Liquidity: tight bid-asks spreads from multiple market participants, the ability to execute sizable trades without moving the market, in short, the ability to transact when one wants and in the size one wants, is crucial, especially in falling markets, which is when it usually dries up. One little-noted aspect of Quantitative Easing is its effect on liquidity. As central banks have become ever larger participants in bond markets, they’ve driven private participants out, reducing, and in some cases, like Japan, eliminating non-central bank participation and the liquidity it provides. Daniel Drew, at dark-bid.com, via zerohedge.com, analyzes the credit default swaps market and shrinking liquidity in bond markets:

As Zero Hedge previously noted, liquidity is there when you don’t need it, and it promptly disappears once it is in demand. Consider it “cocktease capitalism.” If liquidity lasts longer than 4 hours, call the CFTC because you may be experiencing a spoof. Right now, the ultimate spoof is setting up as the credit default swap market collapses, and a global bond market margin call is just around the corner.

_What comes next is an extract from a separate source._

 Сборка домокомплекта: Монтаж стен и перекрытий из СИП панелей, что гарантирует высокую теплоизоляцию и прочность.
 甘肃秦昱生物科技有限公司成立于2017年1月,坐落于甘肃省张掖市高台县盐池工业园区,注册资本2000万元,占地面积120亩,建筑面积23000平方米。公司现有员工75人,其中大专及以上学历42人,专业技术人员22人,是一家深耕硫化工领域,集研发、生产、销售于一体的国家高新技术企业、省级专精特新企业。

The most serious risk at the moment is the lack of bond market liquidity. This problem was created by the Federal Reserve. By flooding the market with liquidity, the Federal Reserve paradoxically destroyed the liquidity it sought to create. Initially, the Federal Reserve’s actions helped stem the panic selling when it stepped in as the buyer of last resort. However, the Fed is quickly becoming the buyer of first resort. The CME even has a Central Bank Incentive Program to encourage foreign central banks to buy S&P 500 futures. It’s not a stretch of the imagination to presume the Federal Reserve is buying S&P 500 futures alongside the foreign banks.

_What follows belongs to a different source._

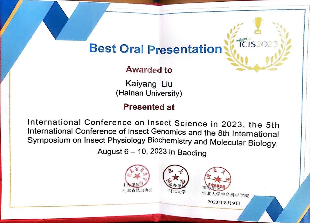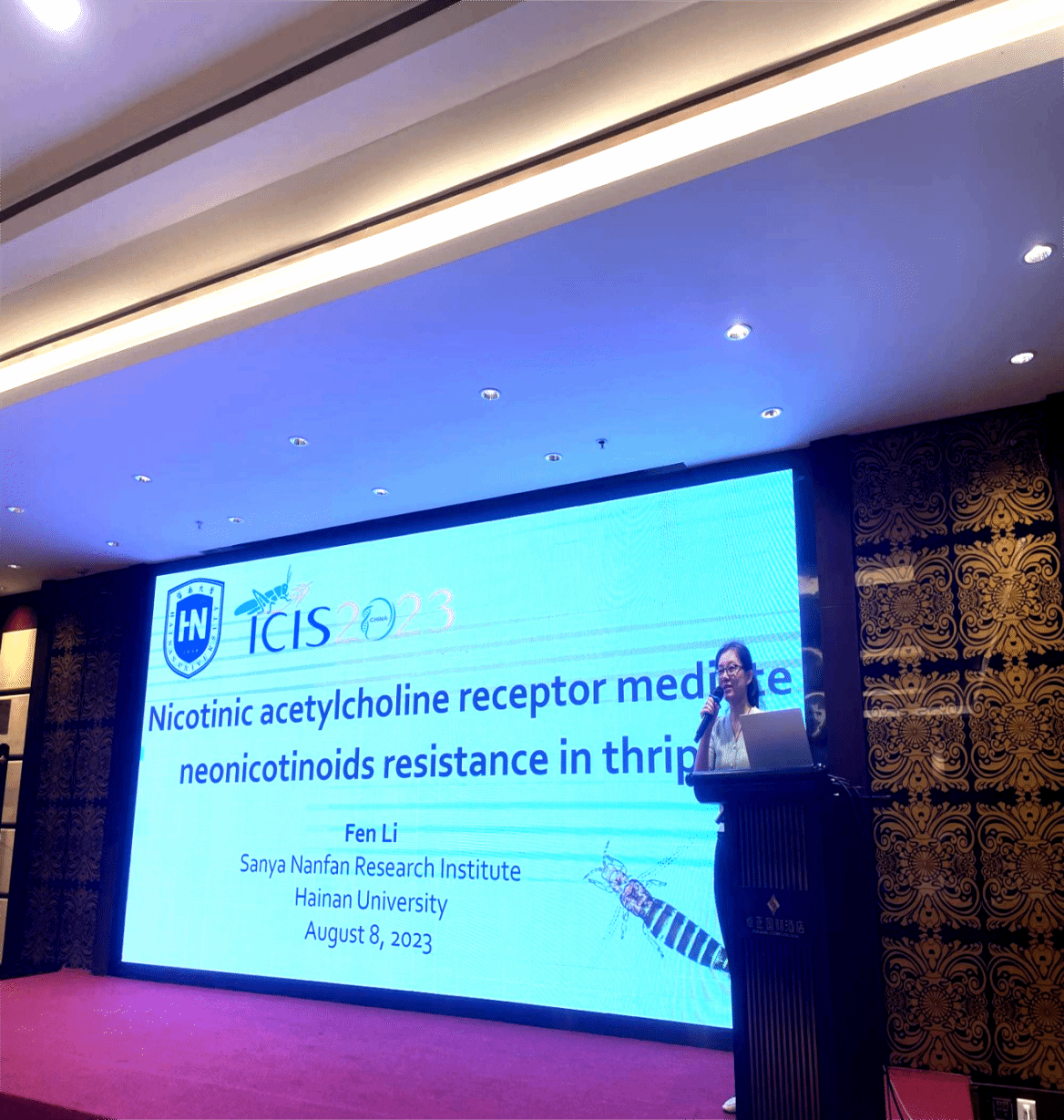 同时,吴少英教授团队将近期由教师李芬、张坤,博士刘凯扬、王力奎、金海峰涉及害虫神经电压门控钠通道、乙酰胆碱受体等抗性突变检测及功能验证的机理研究,能量转化膜控制害虫等绿色防控技术新方法等成果进行了汇报,研究内容丰富,报告逻辑清晰,得到了在场专家和同行的一致认可,其中博士研究生刘凯扬获得“Best Oral Presentation”奖。

As the Fed’s balance sheet expanded ever larger, they transformed from being a mere market participant to becoming the market itself. The Federal Reserve, along with the rest of the world’s central banks, are essentially engaging in a multi-year effort to corner the global bond market. As we have seen in every case, no one has ever successfully cornered a market indefinitely. From the Hunt Brothers in the 1980 silver market to the Saudi royal family in the modern fractured oil market to the Duke brothers in the frozen concentrated orange juice market, it simply has not worked. Running a monopoly is an uphill battle that eventually results in a spectacular blowup. Why would the central banks be any different?

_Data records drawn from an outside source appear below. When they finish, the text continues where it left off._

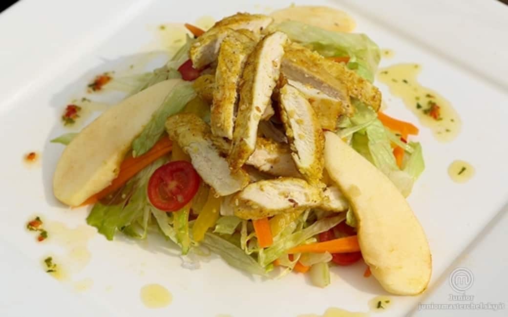 Tagliare il pollo a meta e cospargerne i due petti con un po' di curry, sale e sesamo. riscaldare la padella antiaderente con un filo d'olio e appoggiare i petti di pollo e farli cuocere per 4-5 minuti, girandoli ogni tanto. una volta cotti, lasciarli raffreddare. lavare e mondare la carota per poi grattugiarla; tagliare i pomodorini e la mela a spicchi. tagliare il pollo a listarelle, mischiare le verdure insieme a un po' di insalata iceberg sminuzzata. aggiungere infine anche i petti di pollo e le verdure, condire con una spruzzata di succo di lime.
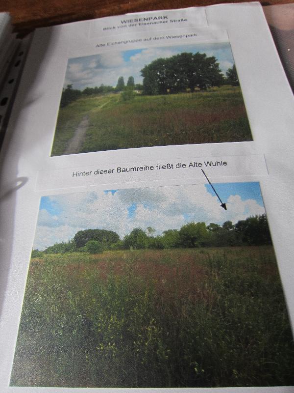 Blick von der Eisenacher Strasse Oberes Bild: Alte Eichengruppe auf dem Wiesenpark Unteres Bild: Hinter dieser Baumreihe fließt die Alte Wuhle (s. Pfeil) |
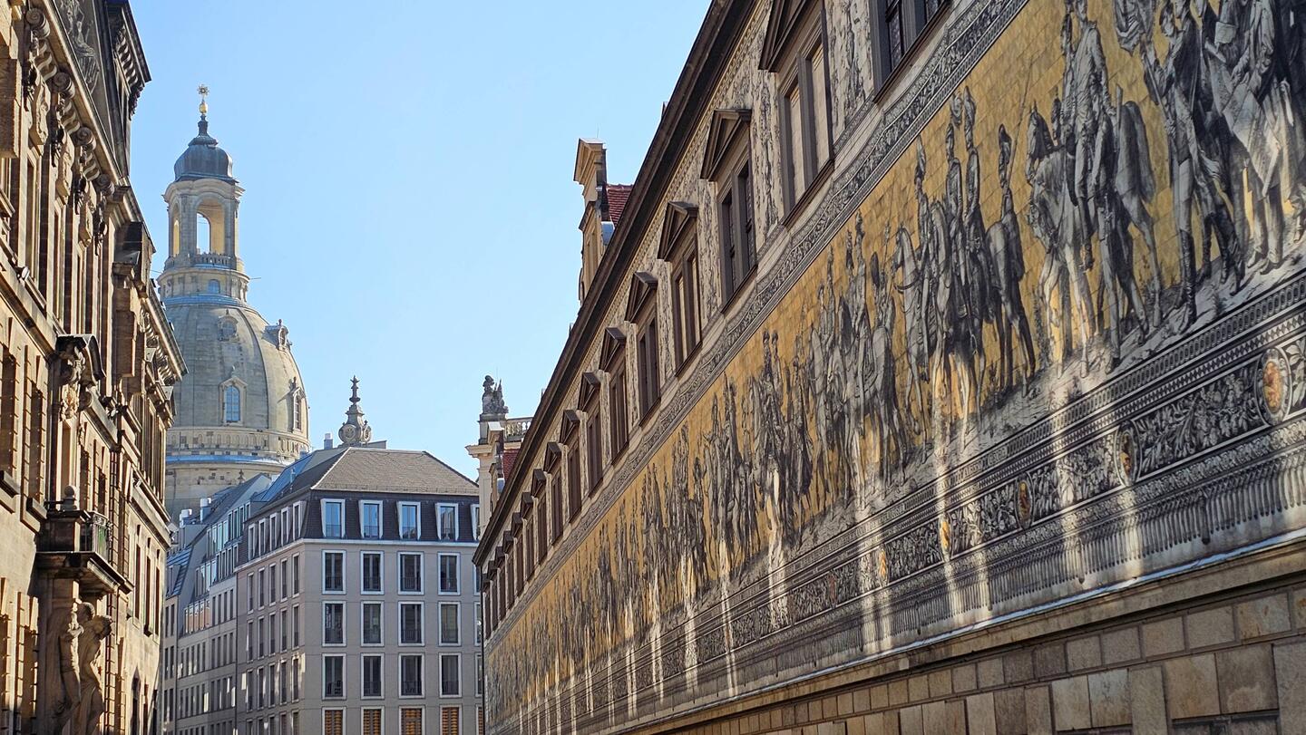 Dann sind wir über die Augustusbrücke in Richtung Altstadt gelaufen. Links konnte man die sogenannte „Porzellanmauer“ sehen – das ist der Fürstenzug am Stallhof des Dresdner Schlosses. ErRead more

As Zero Hedge pointed out recently, the run on the central banks has already begun. For the first time ever, QE failed. The first casualty was the Riksbank in Sweden.

The Swedes have shown there is a limit on how low interest rates can go. The limit may be different for every country, but it does exist. Investors will eventually revolt against the post-crash Bizarro bond markets that dot the global landscape.

The same problem that brought Long-Term Capital Management to its knees is what will bring down the central bankers: liquidity. They seem to have forgotten that without liquidity, there are no markets. You can’t be the only player in the game. It is often said that cash is king, but what that really means is liquidity is king. In the capital markets, investors will pay a premium for liquidity. Right now, liquidity trumps credit ratings in the bond market. As liquidity thins out dramatically, that premium is becoming smaller and smaller. One day, every central bank will have their Riksbank moment when, despite their best efforts, it all blows up.